* [Records from a collection]
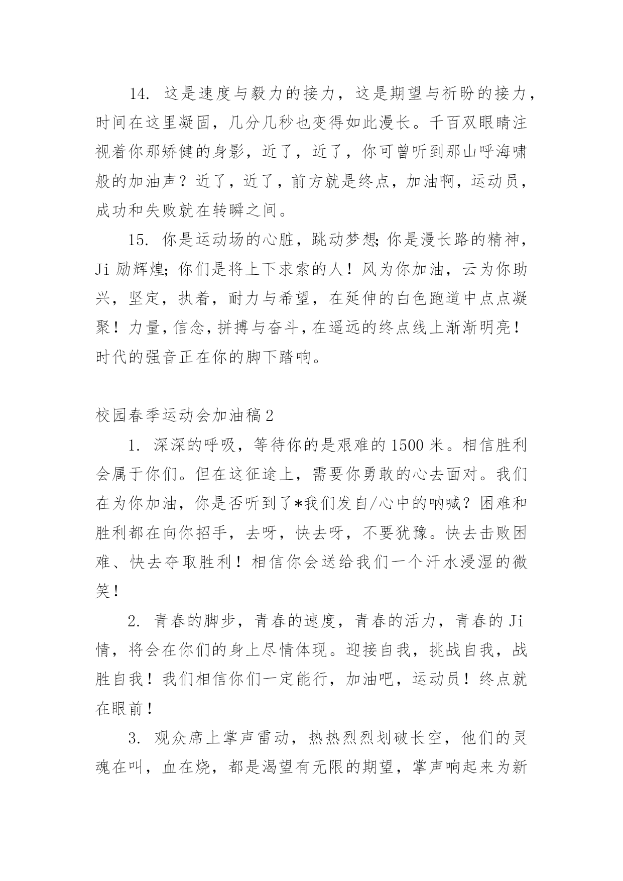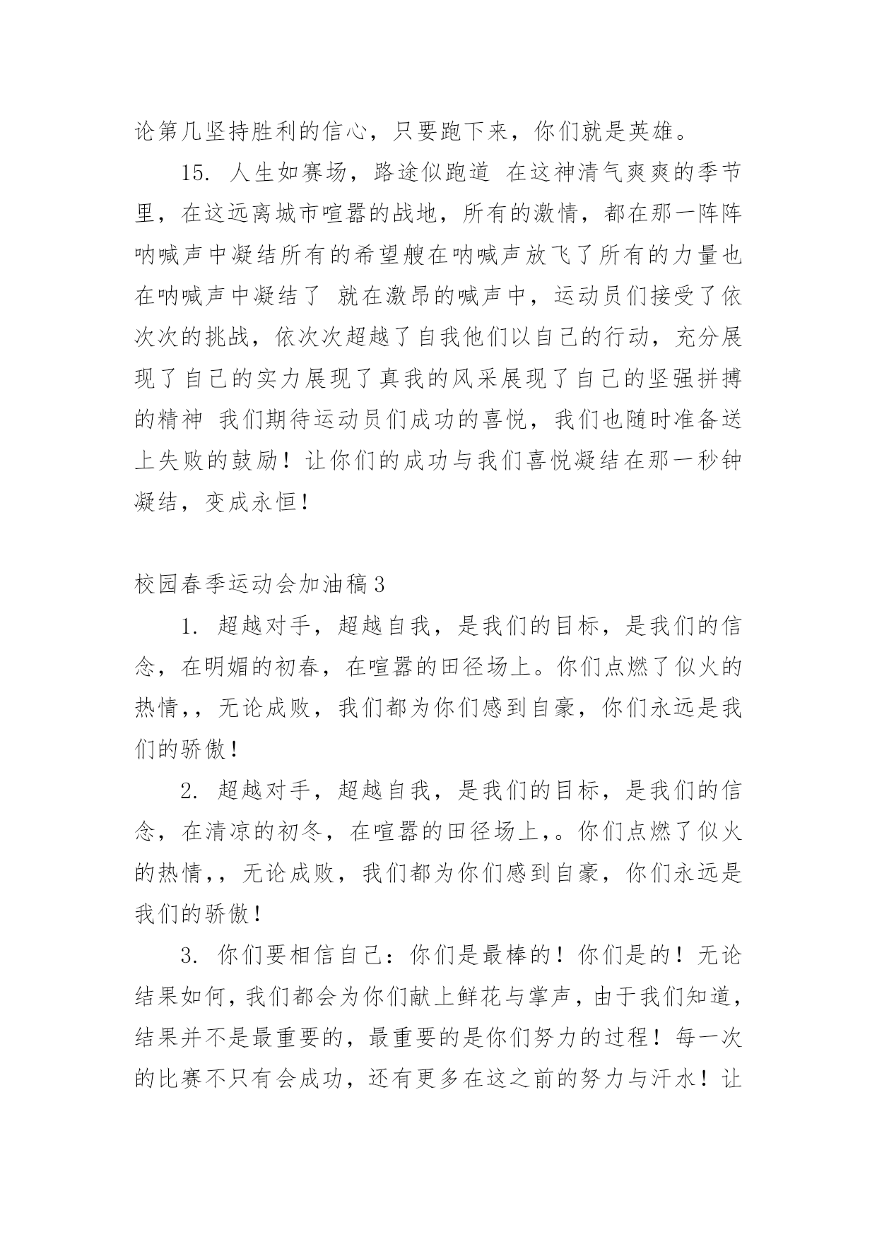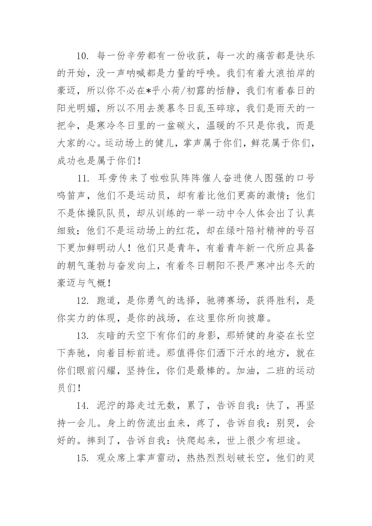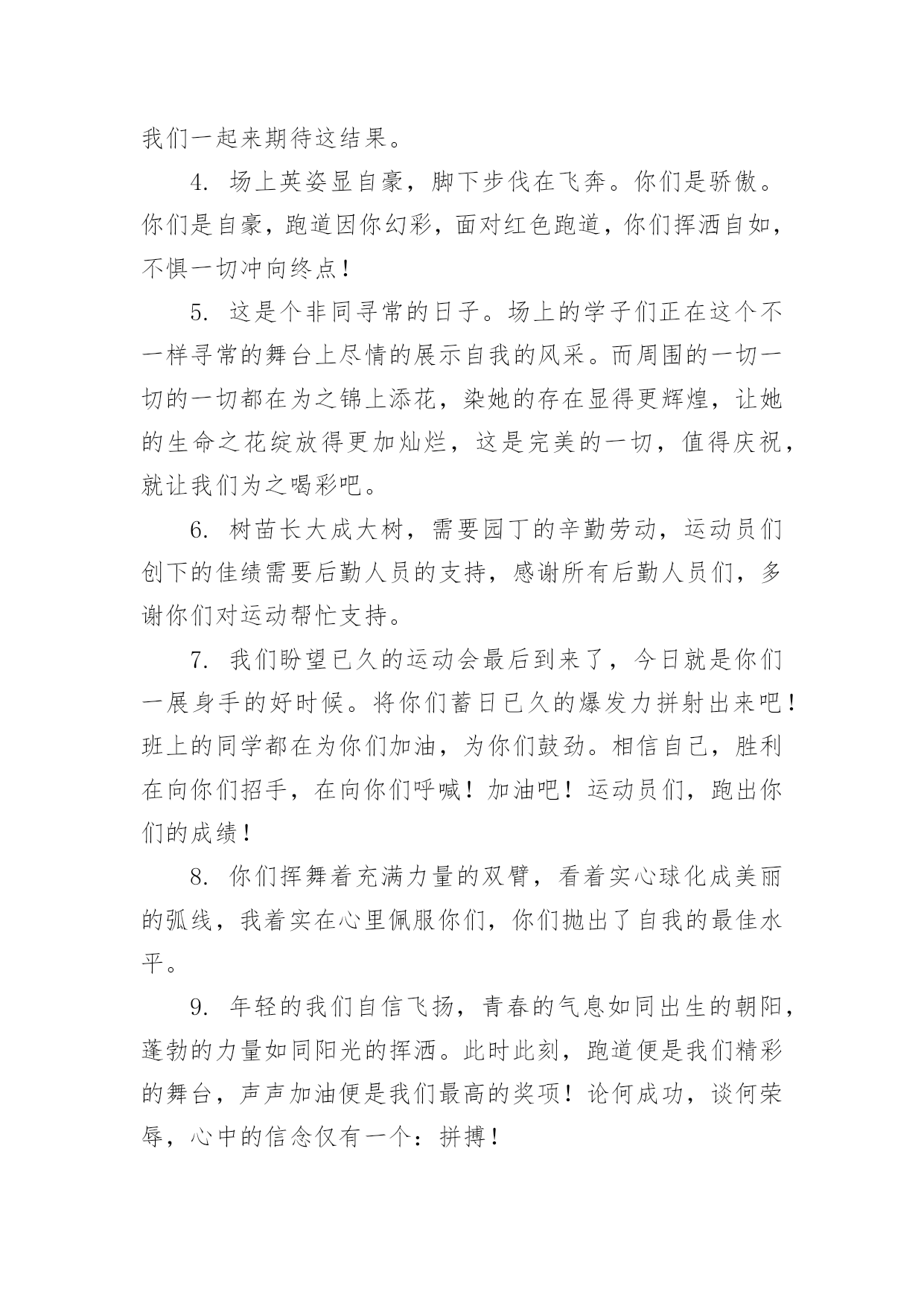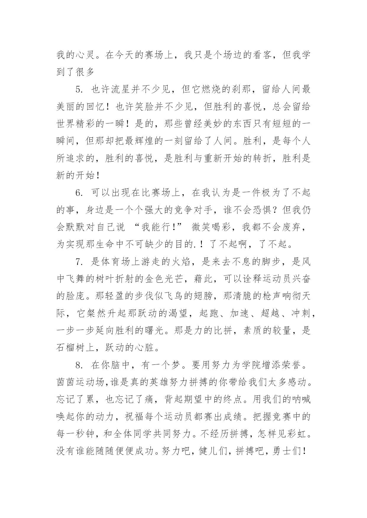 校园春季运动会加油稿在社会一步步向前发展的今天,能够利用到加油稿的场合越来越多,借助加油稿可以表达对对方的鼓励和支持。你写加油稿时总是无从下笔?以下是小编收集整理的校园春季运动会加油稿,仅供参考,希望能够帮助到大家。校园春季运动会加油稿11.你是体育宝座上的一颗灿烂夺目的珍珠,你是在蓝天中展翅飞翔的雏鹰。不要怕失败,不要怕冷落,无论何时,我们以你为荣。2.好情绪会让枯萎的花朵绽放,好情绪会让没有期望踏出一条新路来,好情绪会让你骤然绽放一种新面容,别不相信好情绪有时会创造奇迹,鼓起勇气树立信心放平心态,去努力找出,命中注定的本来就该属于你的那一份果实,让好情绪陪伴我们一生。3.亲爱的健儿们,你们要充满自信。比赛中没有挡风的墙,没有遮风的伞,也没有撑船的帆,更没有拉船的纤。事在人为,人定胜天。原你们养精蓄锐,对充满爱意的世界说“我自信,我拼搏,我会赢。4.在今天的赛场上,我只是个场边的看客。我用眼睛见证了赛场上的是非成败,用心灵感受了运动员的喜怒哀乐。他坚持跑完全程,我学到了坚持的可贵,他摔倒了再站起来,我学会了不怕失败的勇气。场上每一个点滴,都如此的震撼我的心灵。在今天的赛场上,我只是个场边的看客,但我学到了很多5.也许流星并不少见,但它燃烧的刹那,留给人间最美丽的回忆!也许笑脸并不少见,但胜利的喜悦,总会留给世界精彩的一瞬!是的,那些曾经美妙的东西只有短短的一瞬间,但那却把最辉煌的一刻留给了人间。胜利,是每个人所追求的,胜利的喜悦,是胜利与重新开始的转折,胜利是新的开始!6.可以出现在比赛场上,在我认为是一件极为了不起的事,身边是一个个强大的竞争对手,谁不会恐惧?但我仍会默默对自己说“我能行!”微笑喝彩,我都不会废弃,为实现那生命中不可缺少的目的.!了不起啊,了不起。7.是体育场上游走的火焰,是来去不息的脚步,是风中飞舞的树叶折射的金色光芒,藉此,可以诠释运动员兴奋的脸庞。那轻盈的步伐似飞鸟的翅膀,那清脆的枪声响彻天际,它粲然升起那跃动的渴望,起跑、加速、超越、冲刺,一步一步延向胜利的曙光。那是力的比拼,素质的较量,是石榴树上,跃动的心脏。8.在你脑中,有一个梦。要用努力为学院增添荣誉。茵茵运动场,谁是真的英雄努力拼搏的你带给我们太多感动。忘记了累,也忘记了痛,背起期望中的终点。用我们的呐喊唤起你的动力,祝福每个运动员都赛出成绩。把握竞赛中的每一秒钟,和全体同学共同努力。不经历拼搏,怎样见彩虹。没有谁能随随便便成功。努力吧,健儿们,拼搏吧,勇士们!9.你赢得十分精彩,无需掩饰你的微笑,流露在你脸上。但我相信,你心中十分明白,征途刚刚开始,漫漫长路刚刚开头。加油啊,朋友,只有不断的拼搏,才可以不断战胜自己,战胜一切!向前、向前、向前!10.致失败者倒下的时候,生命又怎能屹立!歪歪斜斜的身影,又怎耐的住风雨的洗礼。你若有一个不屈的灵魂,脚下才会有一方坚实的土地。昨天的失败已经过去,胜利不仅仅是一个美好的话题。11.在生活中,有成功,也会有失败。因此,我们要放飞生命,也许远方很渺茫,也许我们要被“倾覆于人生的荆棘”刺伤,但我们仍无怨无悔。放飞,即使是黄昏,也必然布满歌唱的流霞,因为我们坚信,不经过战斗的舍弃是虚伪的,不经过劫难磨炼的超脱是轻佻的,逃避显示的明哲是卑怯的。12.大海如此的浩淼,鼓声多么美妙,运动员们,你们不再像平时那样渺小,我们默默的祈祷,以你们为骄傲,我们会永远为你们叫好,看,终点就在眼前,听同学为你呼喊。鼓起勇气奋力向前,用你的荣誉带给我们希望。13.是体育场上游走的火焰,是来去不息的脚步,是风中飞舞的树叶折射的金色光芒,藉此,可以诠释运动员兴奋的脸庞。那轻盈的步伐似飞鸟的/翅膀,那清脆的枪声响彻天际,它粲然升起那跃动的渴望,起跑、加速、超越、冲刺,一步一步延向胜利的曙光。那是力的比拼,素质的较量,是石榴树上,跃动的心脏。14.这是速度与毅力的接力,这是期望与祈盼的接力,时间在这里凝固,几分几秒也变得如此漫长。千百双眼睛注视着你那矫健的身影,近了,近了,你可曾听到那山呼海啸般的加油声?近了,近了,前方就是终点,加油啊,运动员,成功和失败就在转瞬之间。15.你是运动场的心脏,跳动梦想;你是漫长路的精神,Ji励辉煌;你们是将上下求索的人!风为你加油,云为你助兴,坚定,执着,耐力与希望,在延伸的白色跑道中点点凝聚!力量,信念,拼搏与奋斗,在遥远的终点线上渐渐明亮!时代的强音正在你的脚下踏响。校园春季运动会加油稿21.深深的呼吸,等待你的是艰难的1500米。相信胜利会属于你们。但在这征途上,需要你勇敢的心去面对。我们在为你加油,你是否听到了*我们发自/心中的呐喊?困难和胜利都在向你招手,去呀,快去呀,不要犹豫。快去击败困难、快去夺取胜利!相信你会送给我们一个汗水浸湿的微笑!2.青春的脚步,青春的速度,青春的活力,青春的
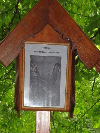 Kreuzweg mit 15 Stationen entlang des Lorscheider Baches als Geschenk zur 800-Jahr-Feier der Gemeinde. Die Stirnbretter wurden aus alten Kirchenbänken gefertigt. [1]
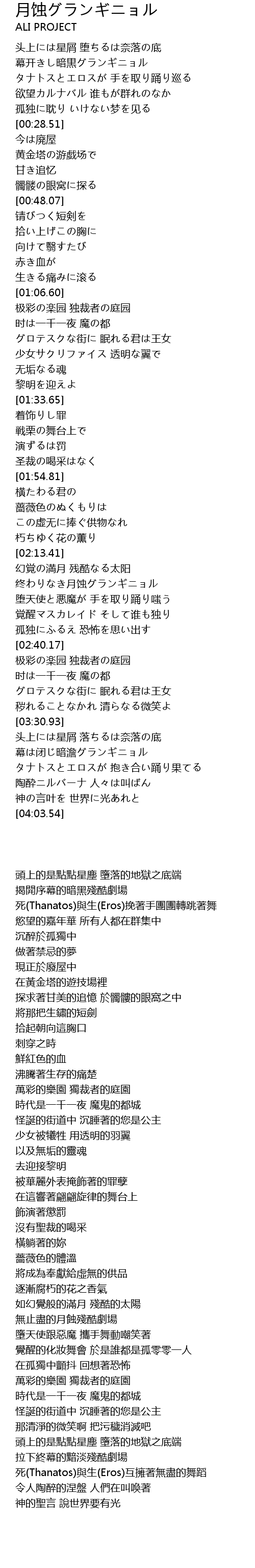 | [03:20.00] | グロテスクな街に 眠れる君は王女 |
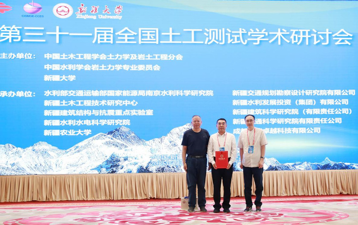本网讯 2025年7月25日至27日,第三十一届全国土工测试学术研讨会在新疆乌鲁木齐隆重举办。本届研讨会由中国土木工程学会土力学及岩土工程分会、中国水利学会岩土力学专业委员会、新疆大学主办,水利部交通运输部国家能源局南京水利科学研究院、新疆土木工程技术研究中心、新疆建筑结构与抗震重点实验室等单位承办,同济大学、上海大学、《岩土工程学报》编辑部等单位协办。中国科学院院士陈云敏等相关领域专家、学者齐聚一堂,共同交流岩土工程测试领域的前沿技术与工程案例。校党委副书记、校长蔡国军教授及土木工程学院师生受邀参加了此次学术会议。
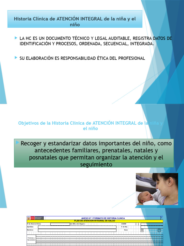 Objetivos de la Historia Clínica de ATENCIÓN INTEGRAL de la niña y
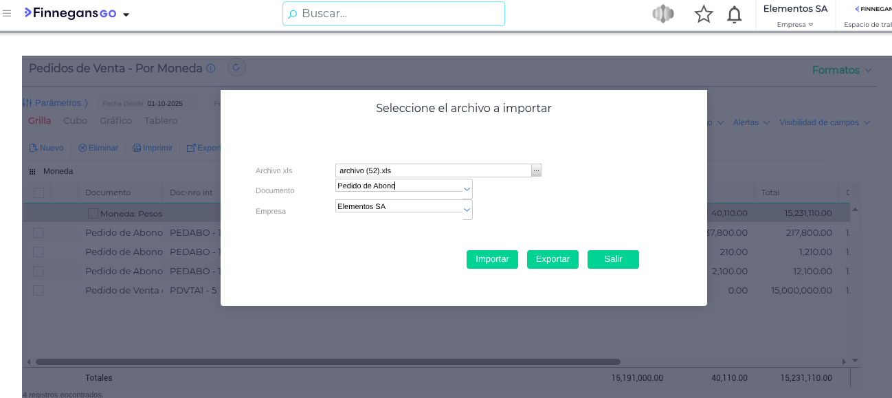 - Una vez completado el archivo de excel, haz clic nuevamente en “Importar” e indica el archivo y el tipo de documento que deseas crear.
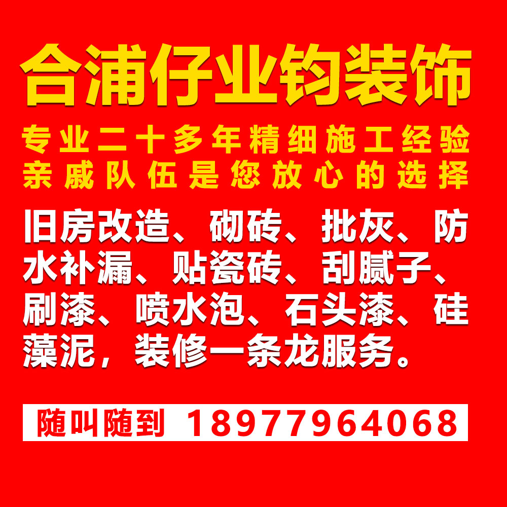 承接旧房改造、砌砖批灰、刮内外墙腻子,旧内墙刮新腻子,刷内外墙漆工程,高弹性拉毛漆,喷石头漆,岩片漆,防水补漏、贴瓷砖、水电等装修一条龙服务。 要装修就找合浦仔冯业钧师傅,电话:18977964068 随呼随到,26年的装修经验,是您放心的选择。 (装修过程使用专业打磨机打磨)
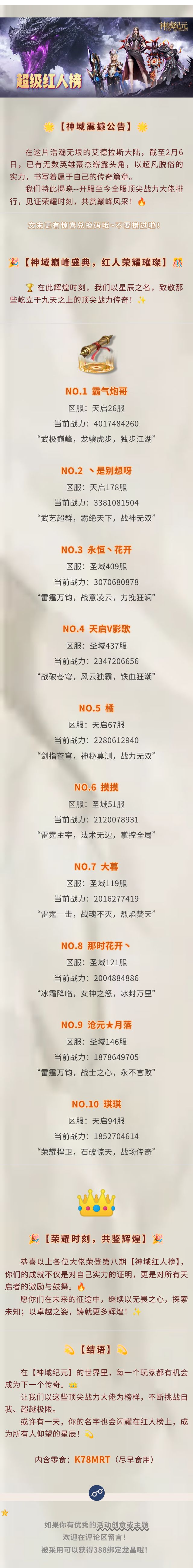 【神域纪元】红人榜丨第八期震撼来袭!
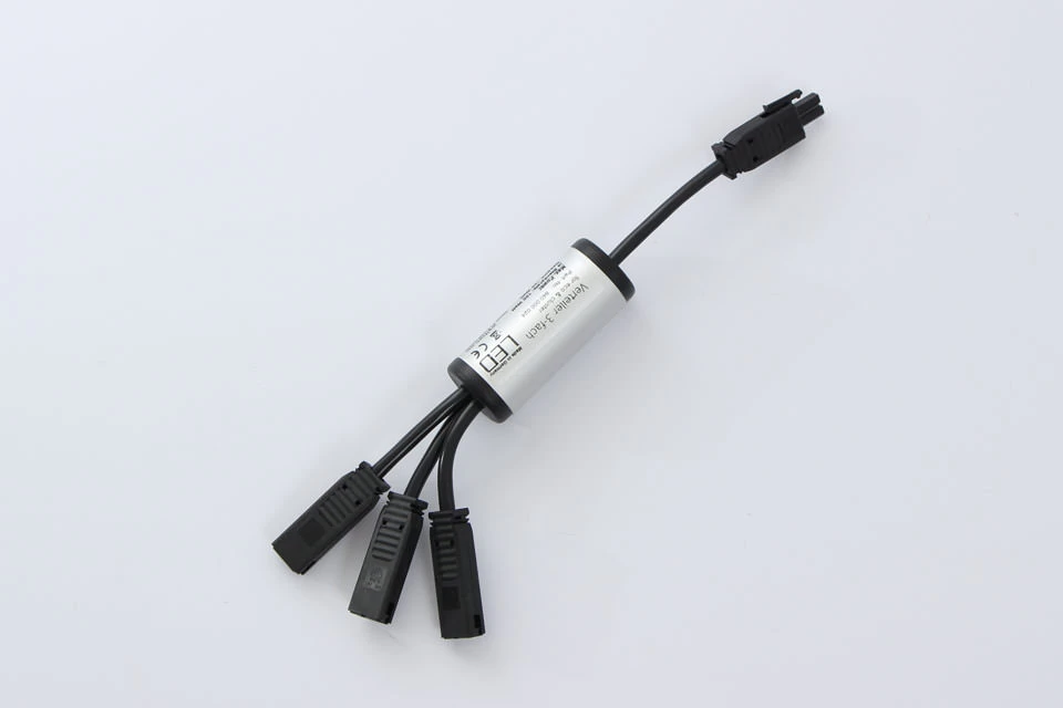 Ermöglicht den Anschluss von bis zu 3 eco- und/oder cluster-Leuchten an einen Converter bzw. einer Lichtsteuerung. Die Gesamtleistung der Leuchten darf die Converter-Nenn-Leistung nicht überschreiten.

* [Exercise directions]
Please retype the records above exactly, excluding every picture.

* [Answer area]
 校园春季运动会加油稿在社会一步步向前发展的今天,能够利用到加油稿的场合越来越多,借助加油稿可以表达对对方的鼓励和支持。你写加油稿时总是无从下笔?以下是小编收集整理的校园春季运动会加油稿,仅供参考,希望能够帮助到大家。校园春季运动会加油稿11.你是体育宝座上的一颗灿烂夺目的珍珠,你是在蓝天中展翅飞翔的雏鹰。不要怕失败,不要怕冷落,无论何时,我们以你为荣。2.好情绪会让枯萎的花朵绽放,好情绪会让没有期望踏出一条新路来,好情绪会让你骤然绽放一种新面容,别不相信好情绪有时会创造奇迹,鼓起勇气树立信心放平心态,去努力找出,命中注定的本来就该属于你的那一份果实,让好情绪陪伴我们一生。3.亲爱的健儿们,你们要充满自信。比赛中没有挡风的墙,没有遮风的伞,也没有撑船的帆,更没有拉船的纤。事在人为,人定胜天。原你们养精蓄锐,对充满爱意的世界说“我自信,我拼搏,我会赢。4.在今天的赛场上,我只是个场边的看客。我用眼睛见证了赛场上的是非成败,用心灵感受了运动员的喜怒哀乐。他坚持跑完全程,我学到了坚持的可贵,他摔倒了再站起来,我学会了不怕失败的勇气。场上每一个点滴,都如此的震撼我的心灵。在今天的赛场上,我只是个场边的看客,但我学到了很多5.也许流星并不少见,但它燃烧的刹那,留给人间最美丽的回忆!也许笑脸并不少见,但胜利的喜悦,总会留给世界精彩的一瞬!是的,那些曾经美妙的东西只有短短的一瞬间,但那却把最辉煌的一刻留给了人间。胜利,是每个人所追求的,胜利的喜悦,是胜利与重新开始的转折,胜利是新的开始!6.可以出现在比赛场上,在我认为是一件极为了不起的事,身边是一个个强大的竞争对手,谁不会恐惧?但我仍会默默对自己说“我能行!”微笑喝彩,我都不会废弃,为实现那生命中不可缺少的目的.!了不起啊,了不起。7.是体育场上游走的火焰,是来去不息的脚步,是风中飞舞的树叶折射的金色光芒,藉此,可以诠释运动员兴奋的脸庞。那轻盈的步伐似飞鸟的翅膀,那清脆的枪声响彻天际,它粲然升起那跃动的渴望,起跑、加速、超越、冲刺,一步一步延向胜利的曙光。那是力的比拼,素质的较量,是石榴树上,跃动的心脏。8.在你脑中,有一个梦。要用努力为学院增添荣誉。茵茵运动场,谁是真的英雄努力拼搏的你带给我们太多感动。忘记了累,也忘记了痛,背起期望中的终点。用我们的呐喊唤起你的动力,祝福每个运动员都赛出成绩。把握竞赛中的每一秒钟,和全体同学共同努力。不经历拼搏,怎样见彩虹。没有谁能随随便便成功。努力吧,健儿们,拼搏吧,勇士们!9.你赢得十分精彩,无需掩饰你的微笑,流露在你脸上。但我相信,你心中十分明白,征途刚刚开始,漫漫长路刚刚开头。加油啊,朋友,只有不断的拼搏,才可以不断战胜自己,战胜一切!向前、向前、向前!10.致失败者倒下的时候,生命又怎能屹立!歪歪斜斜的身影,又怎耐的住风雨的洗礼。你若有一个不屈的灵魂,脚下才会有一方坚实的土地。昨天的失败已经过去,胜利不仅仅是一个美好的话题。11.在生活中,有成功,也会有失败。因此,我们要放飞生命,也许远方很渺茫,也许我们要被“倾覆于人生的荆棘”刺伤,但我们仍无怨无悔。放飞,即使是黄昏,也必然布满歌唱的流霞,因为我们坚信,不经过战斗的舍弃是虚伪的,不经过劫难磨炼的超脱是轻佻的,逃避显示的明哲是卑怯的。12.大海如此的浩淼,鼓声多么美妙,运动员们,你们不再像平时那样渺小,我们默默的祈祷,以你们为骄傲,我们会永远为你们叫好,看,终点就在眼前,听同学为你呼喊。鼓起勇气奋力向前,用你的荣誉带给我们希望。13.是体育场上游走的火焰,是来去不息的脚步,是风中飞舞的树叶折射的金色光芒,藉此,可以诠释运动员兴奋的脸庞。那轻盈的步伐似飞鸟的/翅膀,那清脆的枪声响彻天际,它粲然升起那跃动的渴望,起跑、加速、超越、冲刺,一步一步延向胜利的曙光。那是力的比拼,素质的较量,是石榴树上,跃动的心脏。14.这是速度与毅力的接力,这是期望与祈盼的接力,时间在这里凝固,几分几秒也变得如此漫长。千百双眼睛注视着你那矫健的身影,近了,近了,你可曾听到那山呼海啸般的加油声?近了,近了,前方就是终点,加油啊,运动员,成功和失败就在转瞬之间。15.你是运动场的心脏,跳动梦想;你是漫长路的精神,Ji励辉煌;你们是将上下求索的人!风为你加油,云为你助兴,坚定,执着,耐力与希望,在延伸的白色跑道中点点凝聚!力量,信念,拼搏与奋斗,在遥远的终点线上渐渐明亮!时代的强音正在你的脚下踏响。校园春季运动会加油稿21.深深的呼吸,等待你的是艰难的1500米。相信胜利会属于你们。但在这征途上,需要你勇敢的心去面对。我们在为你加油,你是否听到了*我们发自/心中的呐喊?困难和胜利都在向你招手,去呀,快去呀,不要犹豫。快去击败困难、快去夺取胜利!相信你会送给我们一个汗水浸湿的微笑!2.青春的脚步,青春的速度,青春的活力,青春的
 Kreuzweg mit 15 Stationen entlang des Lorscheider Baches als Geschenk zur 800-Jahr-Feier der Gemeinde. Die Stirnbretter wurden aus alten Kirchenbänken gefertigt. [1]
 | [03:20.00] | グロテスクな街に 眠れる君は王女 |
本网讯 2025年7月25日至27日,第三十一届全国土工测试学术研讨会在新疆乌鲁木齐隆重举办。本届研讨会由中国土木工程学会土力学及岩土工程分会、中国水利学会岩土力学专业委员会、新疆大学主办,水利部交通运输部国家能源局南京水利科学研究院、新疆土木工程技术研究中心、新疆建筑结构与抗震重点实验室等单位承办,同济大学、上海大学、《岩土工程学报》编辑部等单位协办。中国科学院院士陈云敏等相关领域专家、学者齐聚一堂,共同交流岩土工程测试领域的前沿技术与工程案例。校党委副书记、校长蔡国军教授及土木工程学院师生受邀参加了此次学术会议。
 Objetivos de la Historia Clínica de ATENCIÓN INTEGRAL de la niña y
 - Una vez completado el archivo de excel, haz clic nuevamente en “Importar” e indica el archivo y el tipo de documento que deseas crear.
 承接旧房改造、砌砖批灰、刮内外墙腻子,旧内墙刮新腻子,刷内外墙漆工程,高弹性拉毛漆,喷石头漆,岩片漆,防水补漏、贴瓷砖、水电等装修一条龙服务。 要装修就找合浦仔冯业钧师傅,电话:18977964068 随呼随到,26年的装修经验,是您放心的选择。 (装修过程使用专业打磨机打磨)
 【神域纪元】红人榜丨第八期震撼来袭!
 Ermöglicht den Anschluss von bis zu 3 eco- und/oder cluster-Leuchten an einen Converter bzw. einer Lichtsteuerung. Die Gesamtleistung der Leuchten darf die Converter-Nenn-Leistung nicht überschreiten.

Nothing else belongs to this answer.